• _YOUR GOAL_:
Only the lines in the entries below from the line with "- ROYAL CANIN®" to the line with "This multicoloured cross-back", both included, belong in the answer, transcribed exactly and without pictures.

• _INFORMATION PROVIDED_:
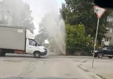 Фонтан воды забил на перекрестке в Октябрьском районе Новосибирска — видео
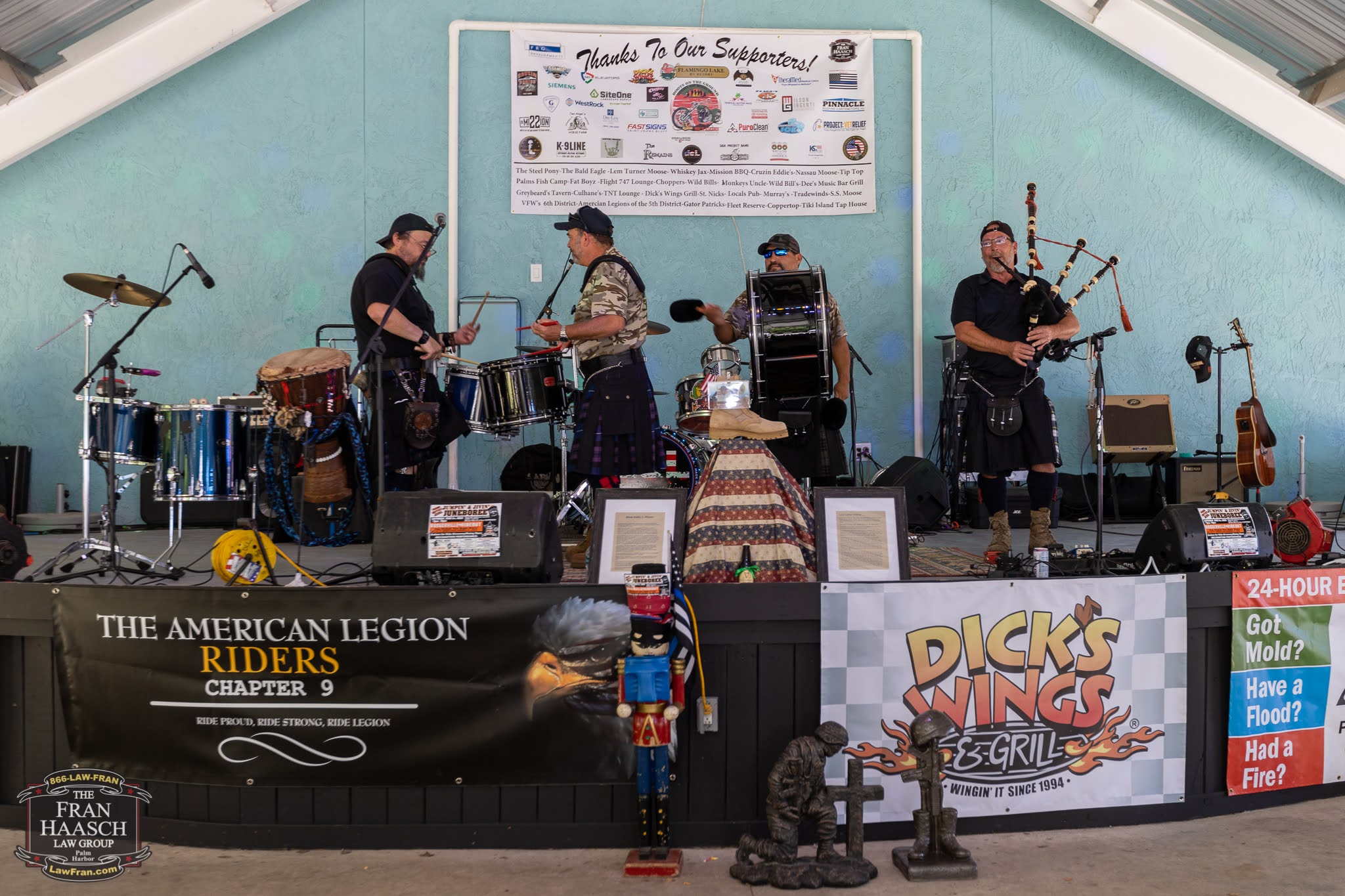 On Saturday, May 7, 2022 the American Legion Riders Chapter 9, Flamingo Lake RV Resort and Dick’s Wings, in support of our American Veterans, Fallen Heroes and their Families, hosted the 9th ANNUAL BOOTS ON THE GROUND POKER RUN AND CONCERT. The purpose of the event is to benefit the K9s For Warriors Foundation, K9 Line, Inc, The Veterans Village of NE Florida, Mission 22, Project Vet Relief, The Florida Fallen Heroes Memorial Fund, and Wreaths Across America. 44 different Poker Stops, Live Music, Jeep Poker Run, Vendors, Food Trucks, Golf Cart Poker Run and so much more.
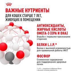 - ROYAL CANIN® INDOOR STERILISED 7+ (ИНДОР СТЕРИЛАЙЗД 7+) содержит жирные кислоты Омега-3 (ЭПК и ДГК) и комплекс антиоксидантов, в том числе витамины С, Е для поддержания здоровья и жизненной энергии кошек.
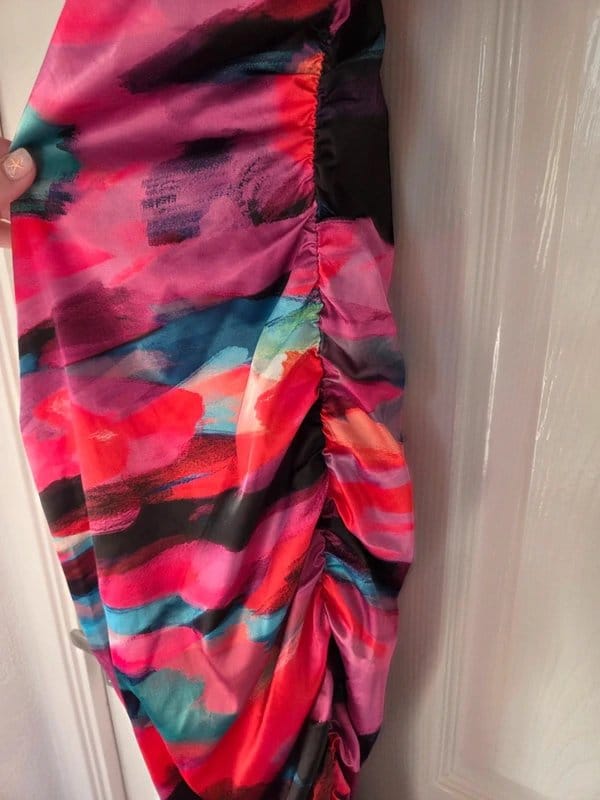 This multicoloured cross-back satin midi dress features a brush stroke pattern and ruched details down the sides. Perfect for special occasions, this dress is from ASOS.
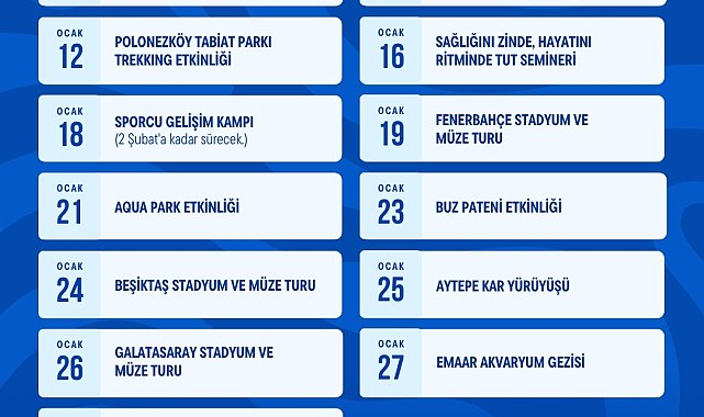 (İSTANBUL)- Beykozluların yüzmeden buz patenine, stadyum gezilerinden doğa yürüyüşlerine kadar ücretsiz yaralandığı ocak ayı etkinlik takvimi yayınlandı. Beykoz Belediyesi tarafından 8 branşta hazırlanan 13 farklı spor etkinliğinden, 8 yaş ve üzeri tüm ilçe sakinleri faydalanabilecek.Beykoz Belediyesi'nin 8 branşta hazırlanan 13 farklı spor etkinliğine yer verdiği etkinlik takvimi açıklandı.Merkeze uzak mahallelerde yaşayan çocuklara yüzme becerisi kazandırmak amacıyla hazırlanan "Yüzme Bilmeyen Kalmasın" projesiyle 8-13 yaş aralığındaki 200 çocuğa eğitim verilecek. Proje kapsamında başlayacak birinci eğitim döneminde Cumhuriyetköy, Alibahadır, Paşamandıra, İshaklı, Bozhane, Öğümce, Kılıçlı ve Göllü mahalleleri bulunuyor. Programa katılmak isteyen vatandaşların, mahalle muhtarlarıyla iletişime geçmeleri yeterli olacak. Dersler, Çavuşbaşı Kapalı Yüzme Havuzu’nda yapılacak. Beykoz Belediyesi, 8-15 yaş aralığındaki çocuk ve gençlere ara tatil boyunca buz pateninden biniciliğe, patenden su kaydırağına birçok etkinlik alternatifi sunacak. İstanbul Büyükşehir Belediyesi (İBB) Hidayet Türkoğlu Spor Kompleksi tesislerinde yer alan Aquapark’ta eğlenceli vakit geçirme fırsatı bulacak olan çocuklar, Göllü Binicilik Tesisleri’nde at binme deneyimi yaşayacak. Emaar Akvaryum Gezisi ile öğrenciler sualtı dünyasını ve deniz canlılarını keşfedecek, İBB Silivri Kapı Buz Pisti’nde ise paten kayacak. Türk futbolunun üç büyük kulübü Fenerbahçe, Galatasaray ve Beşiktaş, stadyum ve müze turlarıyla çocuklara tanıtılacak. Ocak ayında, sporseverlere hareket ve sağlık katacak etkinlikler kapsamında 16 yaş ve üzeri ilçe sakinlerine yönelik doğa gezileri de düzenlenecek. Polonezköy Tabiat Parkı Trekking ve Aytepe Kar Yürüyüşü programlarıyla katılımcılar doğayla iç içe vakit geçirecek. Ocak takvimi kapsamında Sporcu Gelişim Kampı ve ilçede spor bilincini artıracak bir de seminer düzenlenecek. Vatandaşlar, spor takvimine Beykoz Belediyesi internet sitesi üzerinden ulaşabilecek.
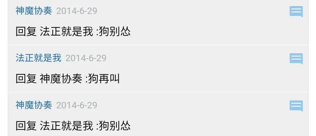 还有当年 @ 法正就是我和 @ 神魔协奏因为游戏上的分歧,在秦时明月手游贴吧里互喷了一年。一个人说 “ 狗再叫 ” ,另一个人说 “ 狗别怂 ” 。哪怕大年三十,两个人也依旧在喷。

• _ANSWER AREA_:
 - ROYAL CANIN® INDOOR STERILISED 7+ (ИНДОР СТЕРИЛАЙЗД 7+) содержит жирные кислоты Омега-3 (ЭПК и ДГК) и комплекс антиоксидантов, в том числе витамины С, Е для поддержания здоровья и жизненной энергии кошек.
 This multicoloured cross-back satin midi dress features a brush stroke pattern and ruched details down the sides. Perfect for special occasions, this dress is from ASOS.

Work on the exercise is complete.